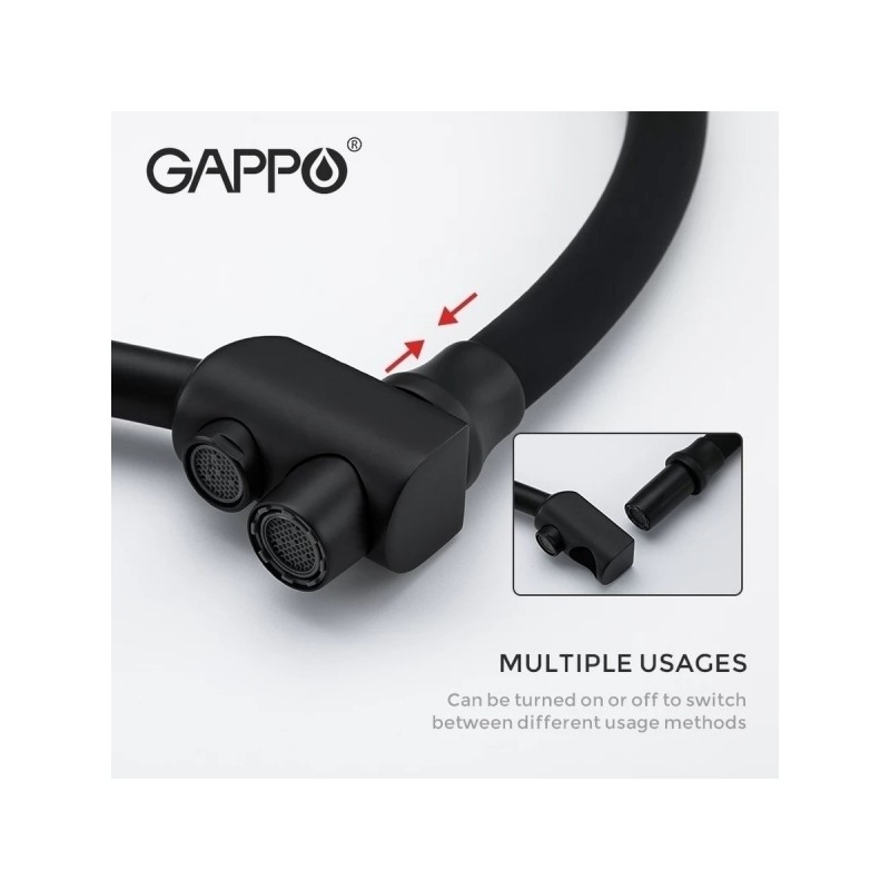 Cмеситель для кухонной мойки Gappo G4398-16 с подключением фильтра питьевой воды - однорычажный смеситель из латуни с отделкой "оружейная сталь" или "черный матовый". Силиконовывй излив фиксируется в держателе, в котором расположен водовод для фильтрованной воды, и легко вынимается из него при необходимости. Смеситель подключается к системе очистки воды.
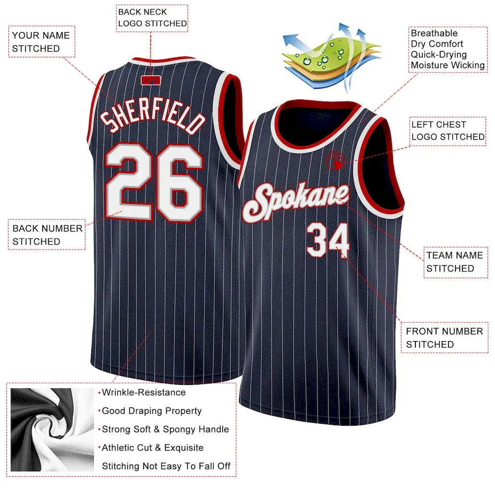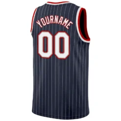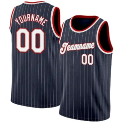 Custom Navy White Pinstripe White-Red Authentic Basketball Jersey
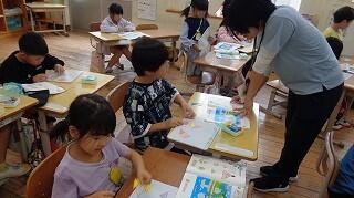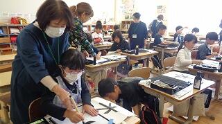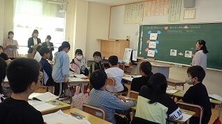 5年教室は、外国語の学習「Where is the station?」が始まりました。道案内の仕方などこれから楽しみです。
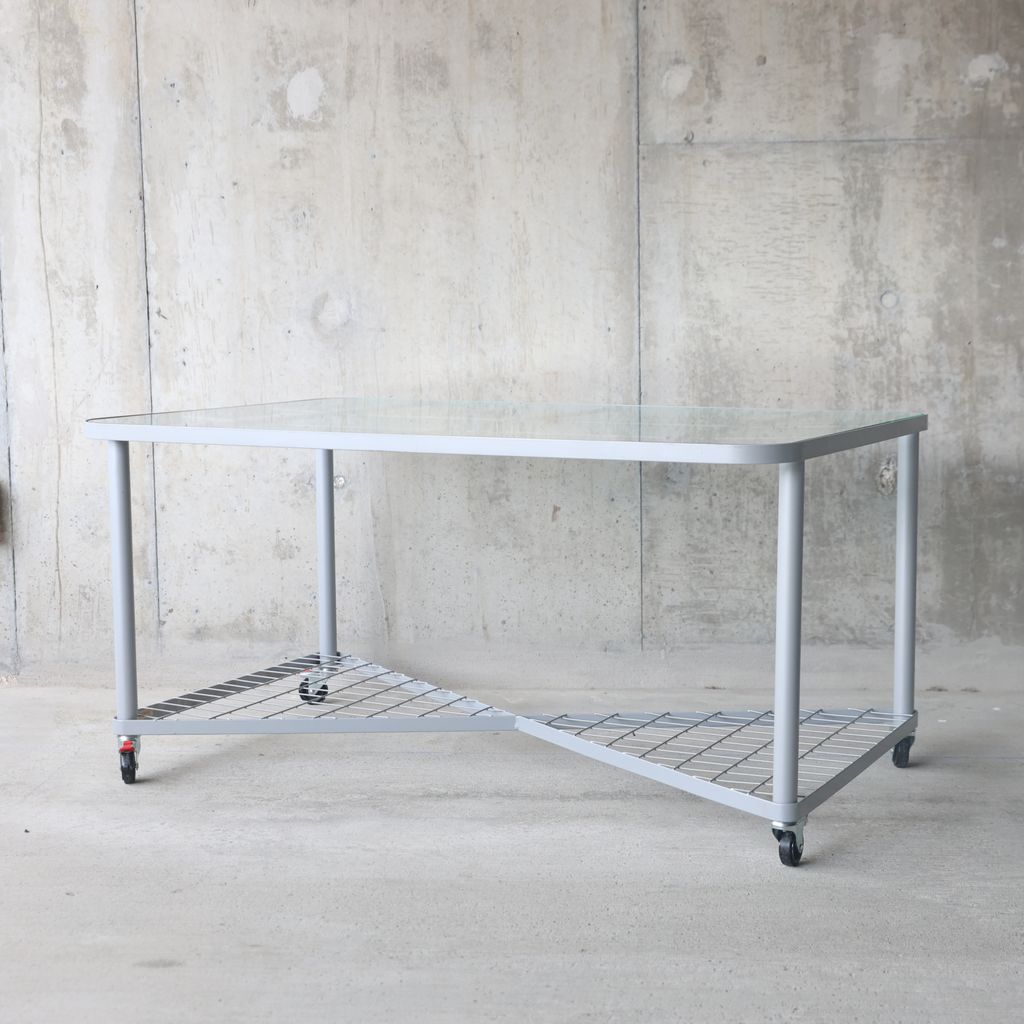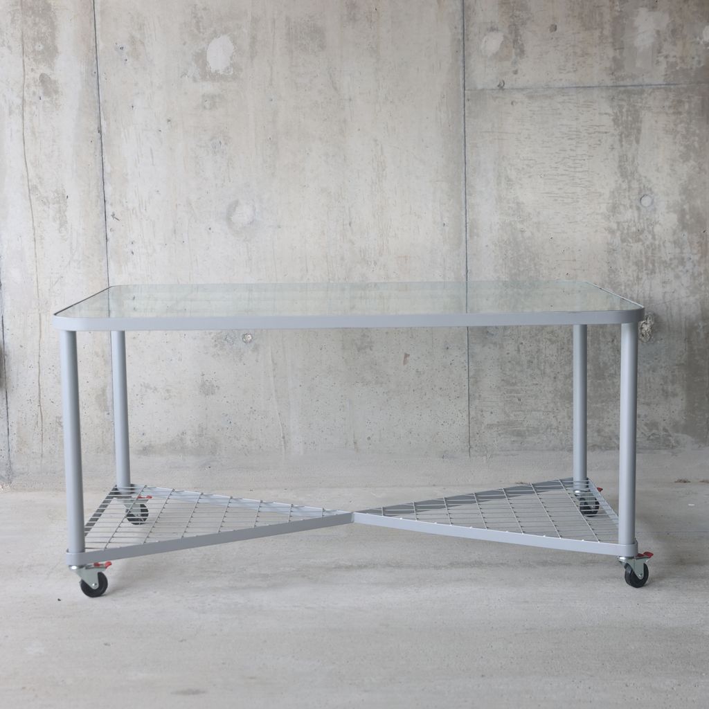 Moment Desk by Niels Gammelgaard for Ikea with clear glass top. In great condition with brand new glass top.
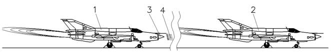 1. The scheme of the experiment: 1, 2 - the first and second aircrafts, 3- the

_What you have to do_
Repeat all of the records verbatim, leaving out the pictures.

_Written reply_
 Cмеситель для кухонной мойки Gappo G4398-16 с подключением фильтра питьевой воды - однорычажный смеситель из латуни с отделкой "оружейная сталь" или "черный матовый". Силиконовывй излив фиксируется в держателе, в котором расположен водовод для фильтрованной воды, и легко вынимается из него при необходимости. Смеситель подключается к системе очистки воды.
 Custom Navy White Pinstripe White-Red Authentic Basketball Jersey
 5年教室は、外国語の学習「Where is the station?」が始まりました。道案内の仕方などこれから楽しみです。
 Moment Desk by Niels Gammelgaard for Ikea with clear glass top. In great condition with brand new glass top.
 1. The scheme of the experiment: 1, 2 - the first and second aircrafts, 3- the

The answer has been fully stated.